Dott. FALABELLA Massimo – Consigliere –

ha pronunciato la seguente:

ORDINANZA

sul ricorso 18090 – 2019 proposto da:

S.A., elettivamente domiciliato in ROMA, V. LE DELLE MILIZIE 38,

presso lo studio dell’avvocato STEFANIA PARAVANI, rappresentato e

difeso dall’avvocato VALENTINA NANULA;

– ricorrente –

contro

MINISTERO DELL’INTERNO, (OMISSIS), in persona del Ministro pro

tempore, elettivamente domiciliato in ROMA, VIA DEI PORTOGHESI 12,

presso l’AVVOCATRA GENERALE DELLO STATO, che lo rappresenta e

difende ope legis;

– resistente –

avverso la sentenza n. 164/2019 della CORTE D’APPELLO di BRESCIA,

depositata il 29/01/2019;

udita la relazione della causa svolta nella camera di consiglio non

partecipata del 17/11/2020 dal Consigliere Relatore Dott. GIULIA

IOFRIDA.

 

Fatto

FATTI DI CAUSA

La Corte d’appello di Brescia, con sentenza n. 164/2019, depositata il 29/01/2019, ha respinto la richiesta di S.A., cittadino del Senegal, a seguito di diniego della competente Commissione territoriale, di riconoscimento dello status di rifugiato e della protezione sussidiaria o umanitaria.

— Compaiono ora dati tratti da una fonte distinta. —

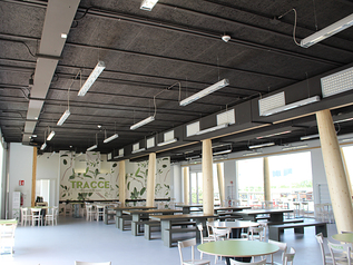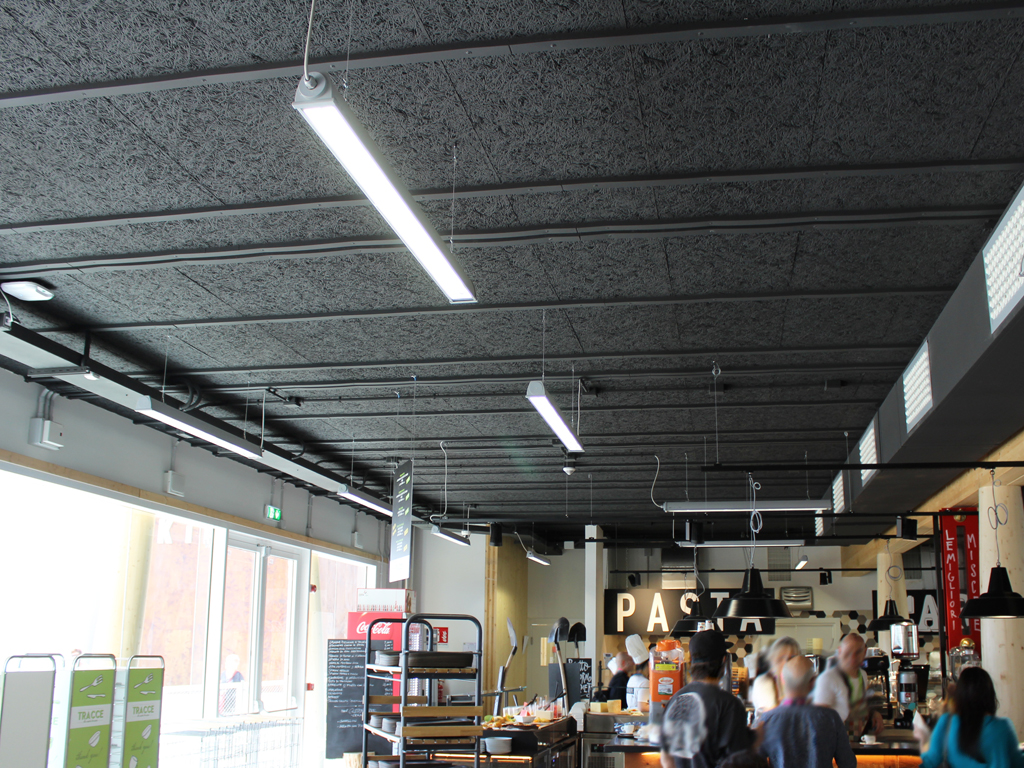 I pannelli Celenit sono uno degli elementi più riconoscibili del design dei centri servizi, che devono ai principi di funzionalità ed essenzialità la progettazione degli interni. I pannelli assolvono la funzione di barriera al rumore, visto l'affollamento degli spazi, ma assumono anche la valenza di elemento decorativo del soffitto.

In particolare, la Corte d’appello, premesso che il Tribunale aveva ritenuto il racconto del richiedente (essere fuggito dal Paese d’origine, per sfuggire ai maltrattamenti di una zia, cui era stato affidato, in quanto orfano di madre e figlio di padre ignoto) non integrante i presupposti per il riconoscimento protezione sussidiaria, non provenendo la persecuzione riferita da Autorità statuale, ha rilevato che l’unico motivo di appello ineriva alla mancata considerazione delle circostanze allegate in relazione al Paese di transito, la Libia, in cui il richiedente aveva vissuto per circa un anno, prima di partire per l’Italia, affermando che, nello specifico, non rilevava la situazione della Libia, trattandosi di un Paese dove il migrante non potrebbe eventualmente essere rimpatriato; con riguardo poi al Paese d’origine ed alia protezione sussidiaria D.Lgs. n. 251 del 2007, ex art. 14, lett. c), il Senegal, anche alla luce degli accreditati Report consultati (Ecoi del 2017), non era interessato da violenza indiscriminata; neppure ricorrevano i presupposti per la protezione umanitaria, in difetto di situazioni di personale vulnerabilità non essendo più in atto l’asma bronchiale di cui era stato affetto e trattandosi di soggetto giovane nel pieno della maturità psico – fisica.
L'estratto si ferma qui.